*** Stored data ***

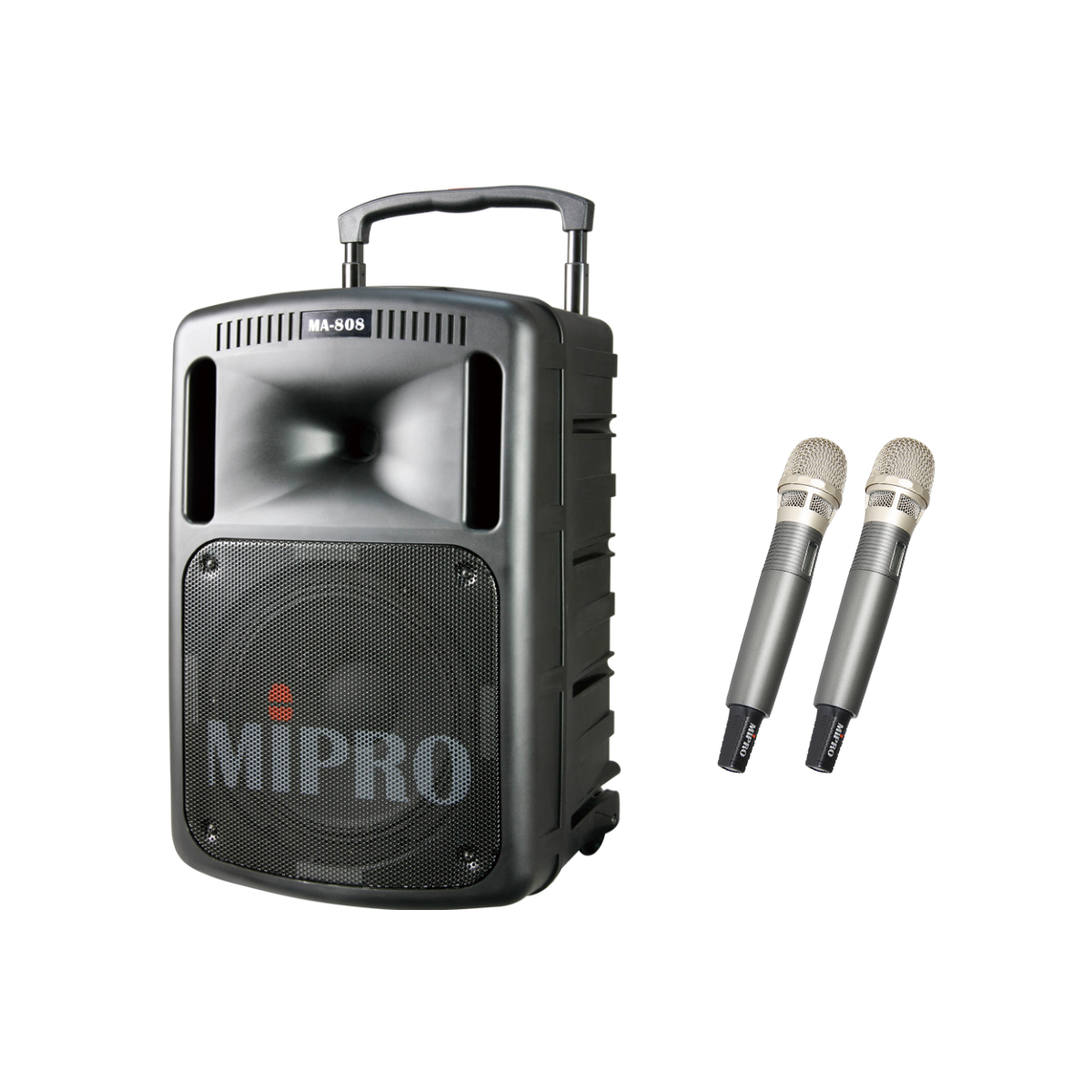 MA-808是優質便攜無線PA系統。267W最大功率,190W RMS,Class-D放大器。10英寸低音+1.5英寸高音揚聲器。內置雙頻道接收器,藍牙、線路輸入/輸出、擴展揚聲器輸出、警報器。
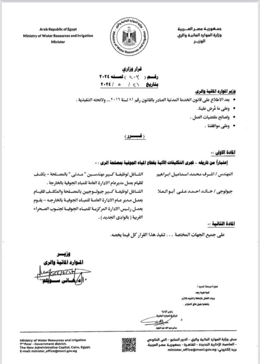 - المهندس: أشرف محمد إسماعيل إبراهيم الشاغل لوظيفة كبير مهندسين مدني بالمصلحة - يكلف للقيام بعمل مدير عام الإدارة العامة للمياه الجوفية بالخارجة، والشاغل لوظيفة كبير جيولوجيين بالمصلحة والمكلف للقيام.
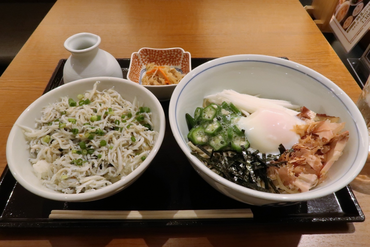 ●オクラと長芋ぶっかけ蕎麦と釜揚げしらす丼

*** End of Stored data ***

Task to complete:
Give the listing again, exactly as it appears, but without its images.

Output of the task:
 MA-808是優質便攜無線PA系統。267W最大功率,190W RMS,Class-D放大器。10英寸低音+1.5英寸高音揚聲器。內置雙頻道接收器,藍牙、線路輸入/輸出、擴展揚聲器輸出、警報器。
 - المهندس: أشرف محمد إسماعيل إبراهيم الشاغل لوظيفة كبير مهندسين مدني بالمصلحة - يكلف للقيام بعمل مدير عام الإدارة العامة للمياه الجوفية بالخارجة، والشاغل لوظيفة كبير جيولوجيين بالمصلحة والمكلف للقيام.
 ●オクラと長芋ぶっかけ蕎麦と釜揚げしらす丼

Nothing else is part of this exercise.